Micko Krstić was selected as the supreme vojvoda (commander) for Poreče. The first success of the četa (band) of Vojvoda Micko came with the conflict against 8 combined Bulgarian bands led by Dame Gruev, who sought to violently return the Poreče villages to the Bulgarian Exarchate and thereby strengthen the Bulgarian influence in those villages. The conflict took place near Slatine in Poreče on October 5, 1904. The Bulgarian bands were resting in a ravine following clashes with the Ottoman army at Movnatac, located at the entrance of Poreče. The Serbian Chetniks, numbering c. 40 fighters, silently surrounded them, and with a sudden raid, destroyed the five-times greater enemy. On that occasion, Bulgarian commander Đurčin and four Bulgarian fighters were killed, a large number were wounded, and the rest fled and scattered. Among the wounded were Gruev, who Micko captured. On the orders of Interior Minister Nikola Pašić, Gruev was freed. He was escorted to the village of Solnje near Skopje, from where he travelled to Sofia.
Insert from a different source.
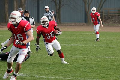 Diese wurden durch die Touchdowns von Ryan Voss und Christian Bollmann sowie das Field Goal von Tobias Goebel mit dem letzten Spielzug vor der Halbzeit auch entsprechend genutzt.
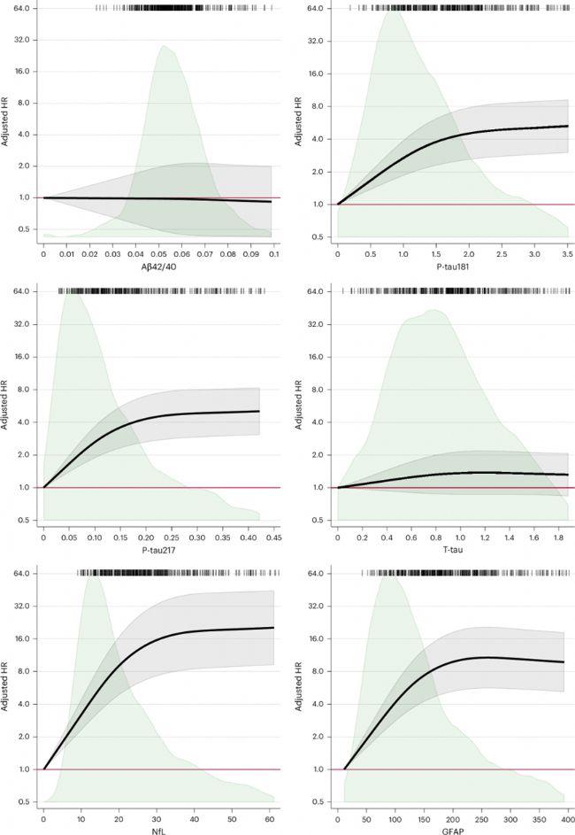 在一個由2148名來自瑞典的無癡呆老年人組成的隊列中(隨訪時間長達(dá)16年),評估了六種AD血液生物標(biāo)志物——淀粉樣蛋白β42與淀粉樣蛋白β40的比值以及T217位點磷酸化tau(p-tau217)、T181位點磷酸化tau(p-tau181)、總tau、神經(jīng)絲輕鏈(NfL)和膠質(zhì)纖維酸性蛋白(GFAP)的水平——對于偶發(fā)全因癡呆和AD癡呆的風(fēng)險比和預(yù)測性能。在多變量調(diào)整的Cox回歸模型中,基線p-tau181、p-tau217、NfL和GFAP水平升高與全因癡呆和AD癡呆的風(fēng)險顯著增加相關(guān),并顯示出非線性的劑量-反應(yīng)關(guān)系。p-tau181、p-tau217、NfL和GFAP濃度升高對10年內(nèi)全因癡呆和AD癡呆的發(fā)生表現(xiàn)出強大的預(yù)測性能,其陰性預(yù)測值超過90%。將p-tau217與NfL或GFAP組合進(jìn)一步改善了預(yù)測,使陽性預(yù)測值達(dá)到43%。研究結(jié)果表明,這些生物標(biāo)志物有潛力在社區(qū)環(huán)境中排除即將發(fā)生的癡呆,但可能需要與其他生物學(xué)或臨床標(biāo)志物結(jié)合才能用作篩查工具。

At the end of 1904, the old and exhausted Micko moved to Kragujevac, where he lived on the expenses of the Serbian Committee. Zafir Premčević was his assistant.

In September 1909 the Turkish government issued a law on the suppression of rebels in Rumelia.

==Death==
He was assassinated in Ižište, on the Brod–Kičevo road on October 29, 1909. Rebel activity was re-activated.

==Legacy==
Painter Nadežda Petrović (1873–1915) wrote a drama on his life.

He is the protagonist of the following Serbian folk songs: "Sednal mi Džemo", "Micko kumita", "Porečko mome", "Mladi Micko" and "Izlegol Micko od Zindan"

==See also==

- List of Chetnik voivodes
- Spiro Crne

==Annotations==
- His name is Micko Krstić (Мицко Крстић, Мицко Крстиќ). His surname is sometimes spelled Krstević (Крстевић), and his full name sometimes include the byname of Pavlovski (sr. Павловски, mk. Павлевски).
- The songs "Sednal mi Džemo" and "Micko kumita" also have Bulgarian versions.